Leaving a cell phone may not be a solution. Kids will play with electronics if left to themselves, and the fancier that phone is, the more they might mess up a program or setting on it if they play with yours. Then the mechanism jams and they can't call for help if their lives depended on it (which it does).

The days when we could roll windows down and manually lock doors are over.If it is too hot for you, it's worse for the kids. Either leave them home with a sitter or someone who can be responsible for them, or take them in the store or wherever with you. Just don't forget your kid or kids are THERE - right beside you or in the back seat.
cherokeepatti · 61-69, F
@MaryJanine Am thinking that the "leaving the cell phone" might get the parent's attention since it's something they always carry with them.
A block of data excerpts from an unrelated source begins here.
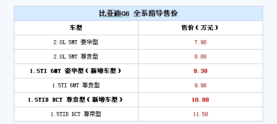 10月9日,比亚迪官方宣布,G6周年纪念版车型正式上市。此次上市的新车为6款车型,售价区间为7.98-11.58万元。详细售价请见下表:
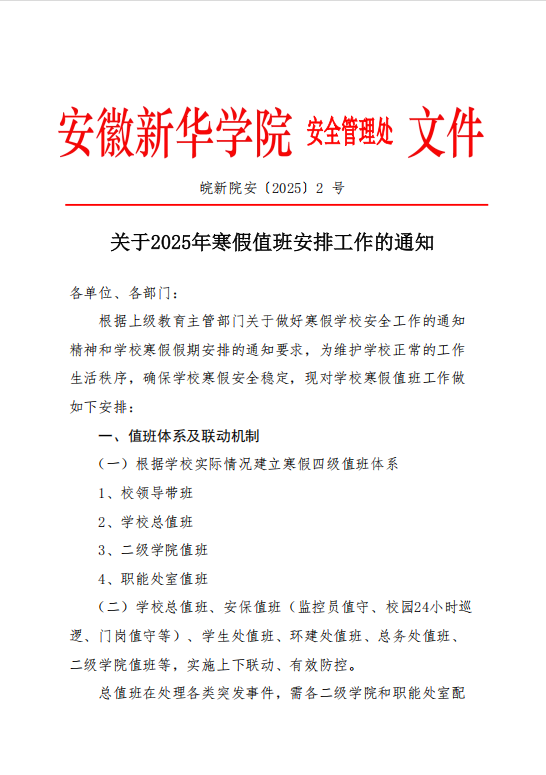 关于2025年寒假值班安排工作的通知
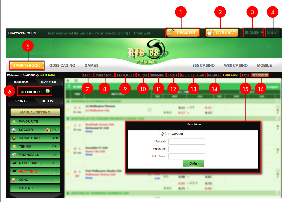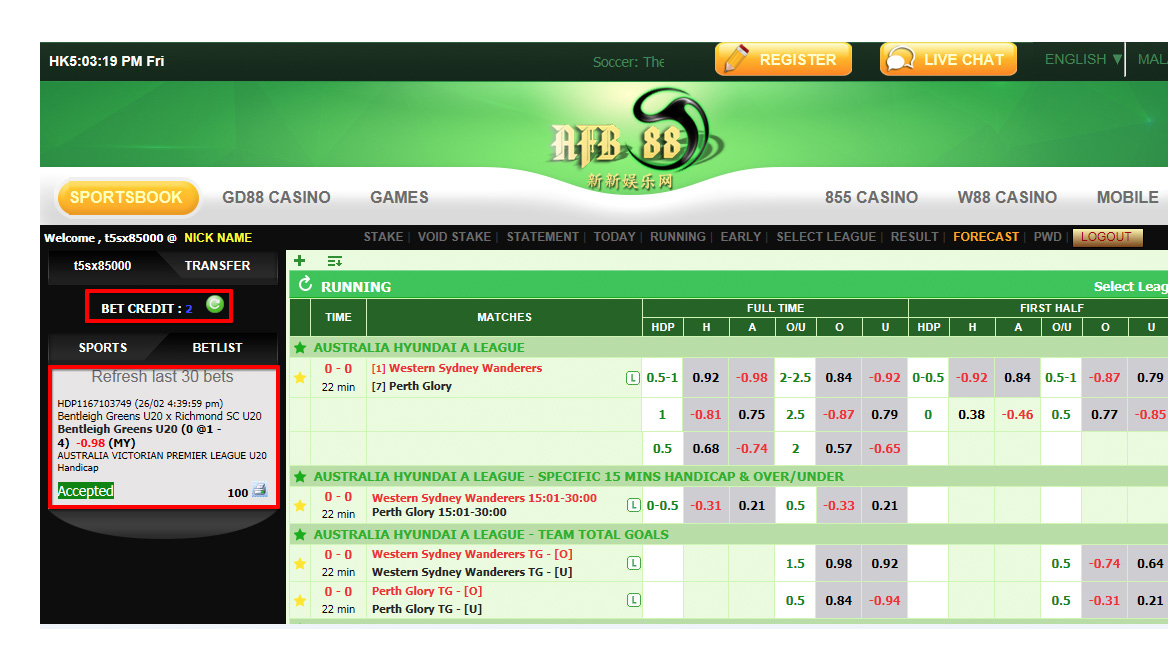 หลังจากกด BET เมนูด้านซ้ายจะขึ้นรายการที่เราแทงไป หรืออาจจะไปเช็คได้ที่ รายการพนัน (STAKE) ถ้าไม่มี แสดงว่ายังไม่มีการแทง หรือดูได้จากยอดเงินคงเหลือลดลงหรือไม่
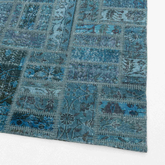 Oriental Rug Patchwork Hand Knotted Wool On Cotton 170 x 240 Cm - 5' 7'' x 7' 11'' Navy Blue C012 ER12
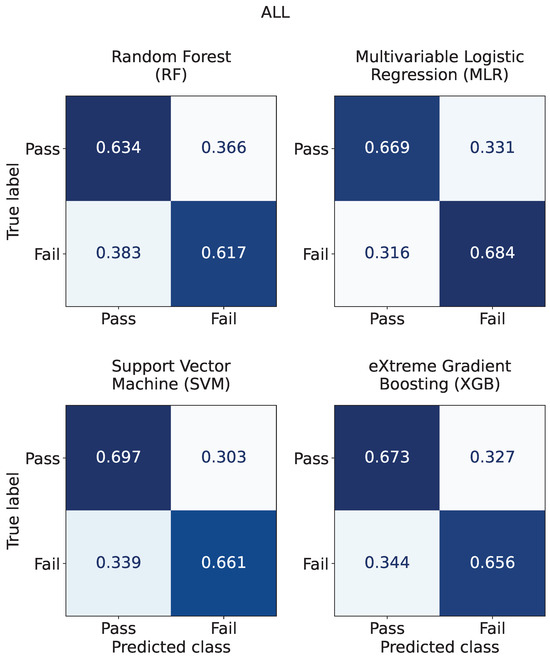 It is also interesting to note that the best model for all students (SVMs) achieved an accuracy of 67.71% with only two predictors, which is slightly below the best result obtained in previous work, where the best accuracy was 68.6% considering 21 predictors [27]. In this case, the same model exhibits better specificity (72.24%) than sensitivity (63.21%). This means it has a slightly lower number of false positive instances (students who failed but were classified as passing) compared to false negatives (passing students classified as failing), indicating that the model is more adept at detecting students who will not pass the course. The relatively lower accuracy in this particular instance, compared to the different subsets, may be attributed to the fact that the data set comprising all students presents a more challenging classification problem. It includes a significantly more diverse sample of students than any of the other subsets, reflecting the varied student profiles associated with each programme.
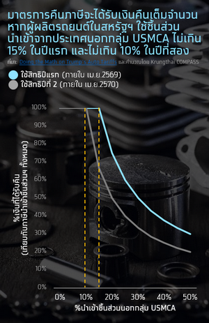 อย่างไรก็ดี สิทธิประโยชน์นี้จะได้รับเงินคืนเต็มจำนวนเฉพาะกรณีใช้ชิ้นส่วนฯ นำเข้าจากประเทศนอกกลุ่ม USMCA ไม่เกิน 15% ในปีแรก และไม่เกิน 10% ในปีที่สอง หากเกินกว่าระดับที่กำหนดจะได้รับเงินคืนบางส่วน17 จึงมีแนวโน้มที่ผู้ผลิตรถยนต์ในสหรัฐฯ จะลดระดับการนำเข้าจากประเทศนอกกลุ่ม USMCA รวมถึงไทย เพื่อลดภาระภาษีและรักษาสิทธิในการคืนภาษีเต็มจำนวน
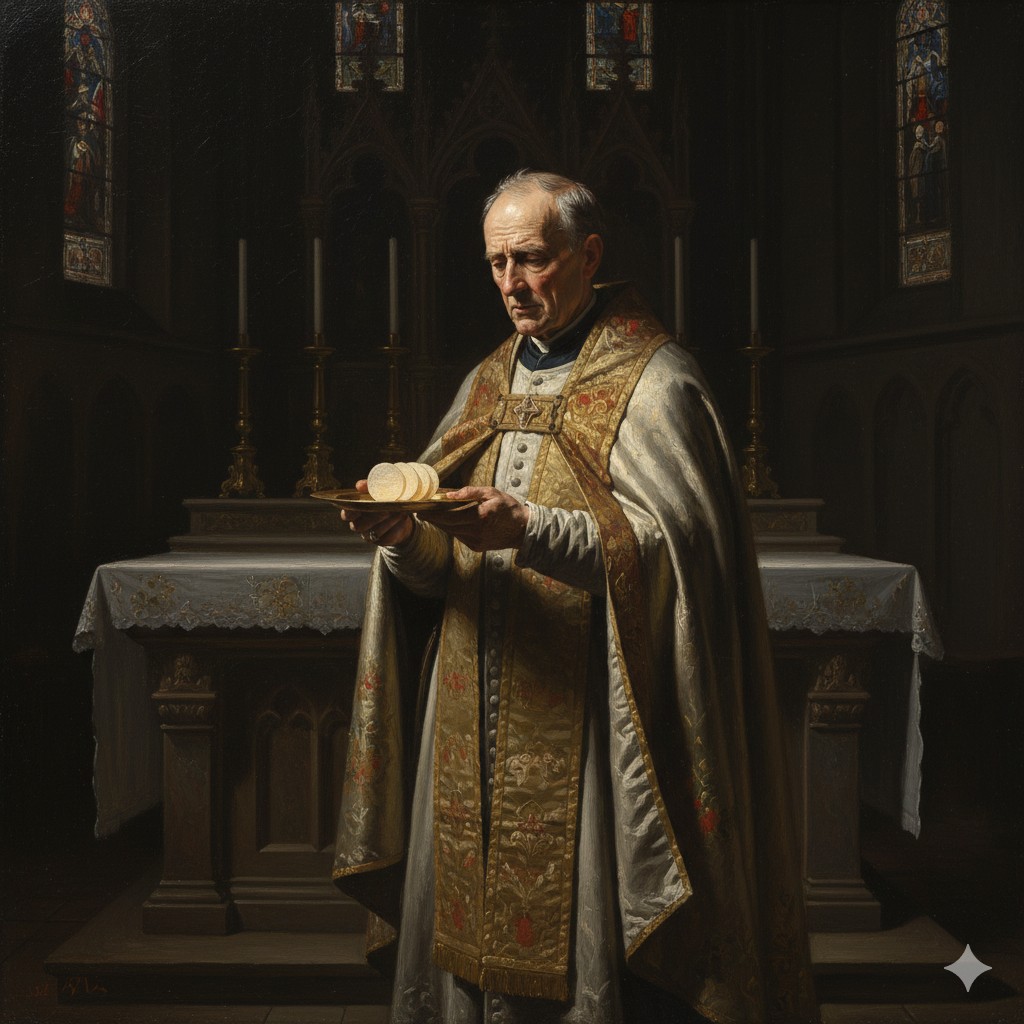 El párroco de la Iglesia de San Pedro y Pablo, después de varios meses, siente crecer la duda sobre la verdad de la transubstanciación y la real presencia del Cuerpo y la Sangre de Cristo en la Hostia consagrada, mostrando ninguna devoción hacia el Santísimo Sacramento.
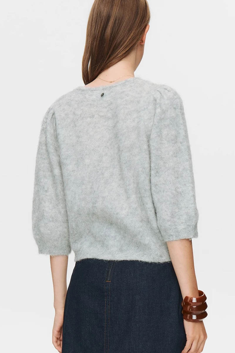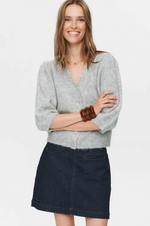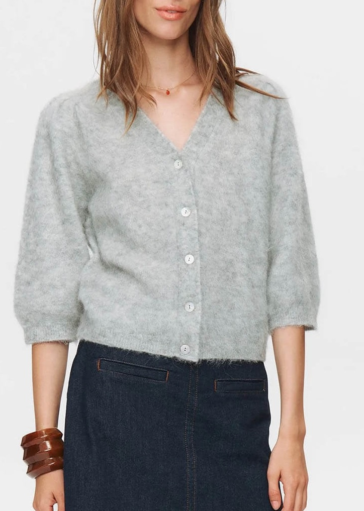 En klassiker, den grå koftan här i en mer feminin modell.En mjuk härlig kofta du har som den är eller utanpå en blus.
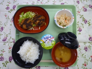2013年1月21日(月) 2013/1/21 メニュー ◇御飯 ◇チキンカツ ◇大根サラダ ◇味噌汁 ◇ヨーグルト エネルギー730kcal たんぱく質22.4g 脂質23.4g 炭水化物104.5g 塩分2.9g

I don't know. People don't look in the backseat when they lock the car up? They just lock it and run? If they care they'll leave their purse, their lunch bag, brief case, phone, etc. on the floor in the back of the car and then they'll have to look.
MaryJanine · 61-69, F
Maybe they might. I don't know. But my mom had as many as four kids at one time when she was alive and driving, and she never left us or anything to amuse us in the car. That was before cellphones (1960's) were heard of. We went into wherever she was going together - the eldest pushed the shopping cart with the baby in it, and my younger brother and I rode the bottom of the cart. We didn't sit in a hot car for what seems like hours but was in reality only minutes. My girlfriend had six children (all of various ages) and she took all of them with her and made a "nose count" before going to shop. Again, she made sure not to leave them in a hot vehicle.


I agree with the thought, but the cellphone makers urge you to take the phone with you "while you shop". I did that just once when I went to the grocery store. It rang three times while in my pocket, and each time it was a telemarketer. That's why I went back to a landline the first minute I could and gave up the cellphone.